2.1.1. Western blot analysis
Protein lysates were thawed and 50 μg of protein per sample was loaded onto 4%‐20% Tris‐Gly gels (Novex by Life Technologies). Proteins were separated by standard SDS‐PAGE, transferred to nitrocellulose membranes, and detected, using a STAT3 or pSTAT3‐Tyr705 primary antibody (Cell Signaling, Danvers, MA) and peroxidase conjugated goat anti‐rabbit F(ab’)2 secondary antibody (Jackson Immuno Research, West Grove, PA). Blots were imaged, using Gene Gnome (SynGene Bio imaging, Cambridge, UK) and quantified with the Adobe Photoshop CS4. Quantitative analyses of phosphorylation were performed by determining the ratio between relative density of the total protein and the phosphorylation band. Using the data from three separate experiments, values are expressed as mean relative density ± SD (n = 3).

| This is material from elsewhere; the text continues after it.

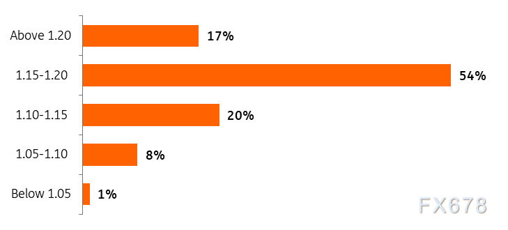 ING称,今年投资者的投票显示了一个强烈的方向性的预见,即美元贬值,而不是前几年通常呈现的正态分布。从投票结果看,71%的投资者预计欧元兑美元将在今年年底收于1.15以上。相比之下,六月初进行的上一轮投票中,有60%的投资者持相同观点。
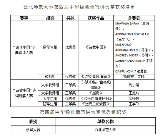 近日,中华经典诵写讲大赛组委会公布了第四届中华经典诵写讲大赛的获奖名单。西北师大师生的作品在全国决赛中取得优异成绩,在“诵读中国”经典诵读大赛、“诗教中国”诗词讲解大赛中获得7项奖项,其中二等奖2项、三等奖1项、优秀奖3项、优秀组织奖1项。我校连续参加四届比赛,本届比赛是学校目前获得奖项最多的一届。

2.1.2. Statistical analysis
Student's two‐tailed t‐test with Welch's correction was used to compare data between two groups; P < 0.05 was considered statistically significant.
2.2. In vivo
All animal studies were conducted at contract research organization laboratories (details for each study are given below) according to their Standard Operating Procedures and in compliance with applicable regulations concerning the use of laboratory animals. All protocol and procedures employed were reviewed and approved by the respective institutional review committees.
Assessment of toxicity was based on clinical signs, postdosing observations, dose site reactions, activity monitoring, bodyweights, food consumptions, ophthalmoscopy, hematology, clinical chemistry, urinalysis, macroscopic findings at necropsy, organ weights, and microscopic histopathology. Blood samples were also analyzed for toxicokinetic (TK) evaluation, pharmacodynamic (PD) parameters, and anti‐therapeutic antibodies. Safety pharmacology assessment was also conducted as a part of the 11‐week GLP study in monkeys and included cardiovascular (electrocardiogram and hemodynamic endpoints in surgically implanted telemetry animals), respiratory, and neurobehavioral endpoints at predefined intervals throughout the study duration.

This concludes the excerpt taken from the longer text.